_Task objective_: When you reach the line that contains "Flatwoven High Traffic", begin copying exactly and continue through the last line below. Do not copy pictures.

_Given information_:
= Beginning of Section =

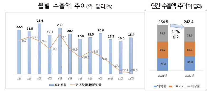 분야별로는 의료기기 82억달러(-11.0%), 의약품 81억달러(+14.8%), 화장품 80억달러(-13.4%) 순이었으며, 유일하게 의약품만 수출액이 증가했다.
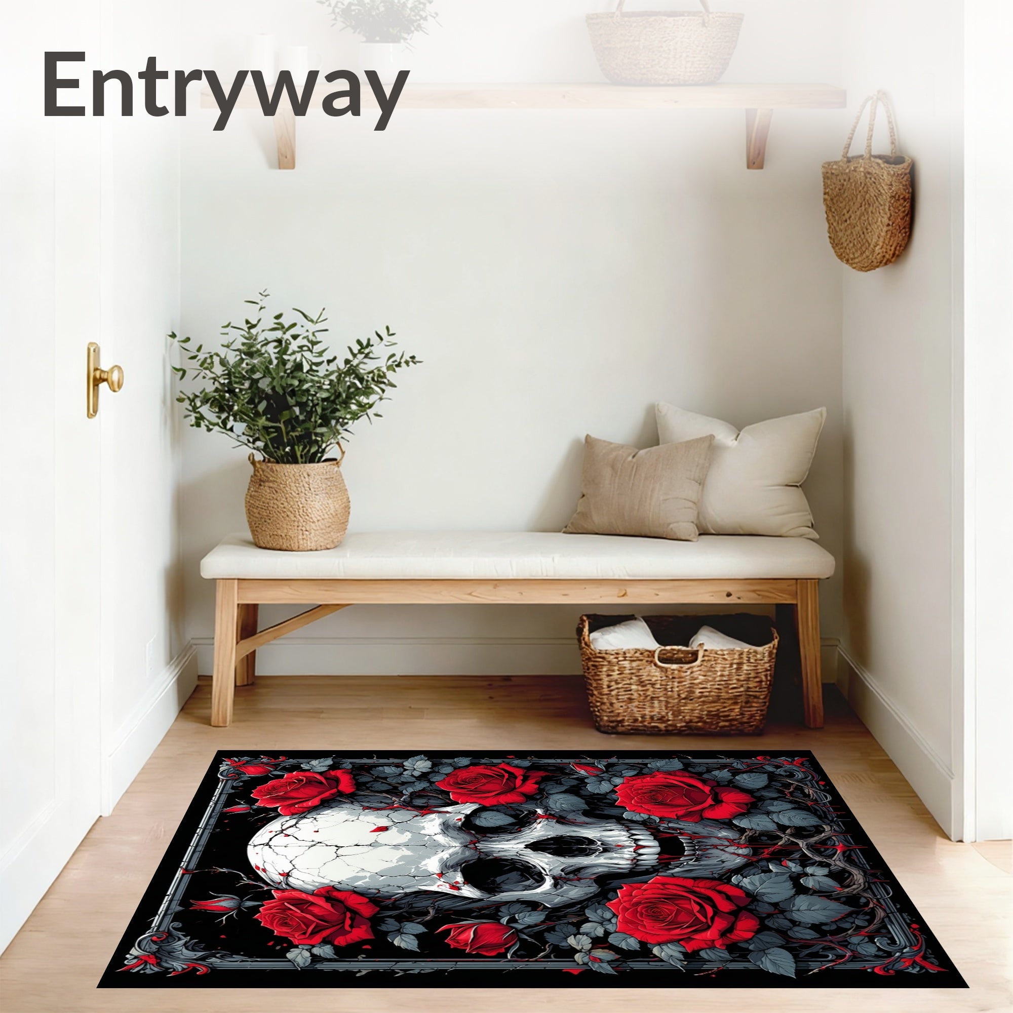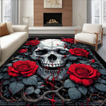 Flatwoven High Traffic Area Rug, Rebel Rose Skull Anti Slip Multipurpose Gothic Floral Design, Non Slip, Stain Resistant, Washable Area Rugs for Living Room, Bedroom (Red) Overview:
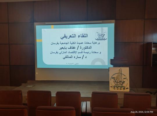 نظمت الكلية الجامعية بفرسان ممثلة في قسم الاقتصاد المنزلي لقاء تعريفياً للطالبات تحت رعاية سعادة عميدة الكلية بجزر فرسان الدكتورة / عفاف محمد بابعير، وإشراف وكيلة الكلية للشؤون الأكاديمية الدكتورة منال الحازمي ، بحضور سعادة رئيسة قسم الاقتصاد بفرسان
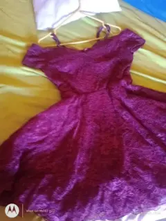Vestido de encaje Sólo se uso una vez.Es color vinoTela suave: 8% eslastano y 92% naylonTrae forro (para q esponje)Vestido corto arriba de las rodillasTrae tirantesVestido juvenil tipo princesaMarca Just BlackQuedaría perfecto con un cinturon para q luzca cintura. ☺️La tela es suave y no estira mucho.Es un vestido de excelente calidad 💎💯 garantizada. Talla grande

= End of Section =

_Your solution_:
 Flatwoven High Traffic Area Rug, Rebel Rose Skull Anti Slip Multipurpose Gothic Floral Design, Non Slip, Stain Resistant, Washable Area Rugs for Living Room, Bedroom (Red) Overview:
 نظمت الكلية الجامعية بفرسان ممثلة في قسم الاقتصاد المنزلي لقاء تعريفياً للطالبات تحت رعاية سعادة عميدة الكلية بجزر فرسان الدكتورة / عفاف محمد بابعير، وإشراف وكيلة الكلية للشؤون الأكاديمية الدكتورة منال الحازمي ، بحضور سعادة رئيسة قسم الاقتصاد بفرسان
Vestido de encaje Sólo se uso una vez.Es color vinoTela suave: 8% eslastano y 92% naylonTrae forro (para q esponje)Vestido corto arriba de las rodillasTrae tirantesVestido juvenil tipo princesaMarca Just BlackQuedaría perfecto con un cinturon para q luzca cintura. ☺️La tela es suave y no estira mucho.Es un vestido de excelente calidad 💎💯 garantizada. Talla grande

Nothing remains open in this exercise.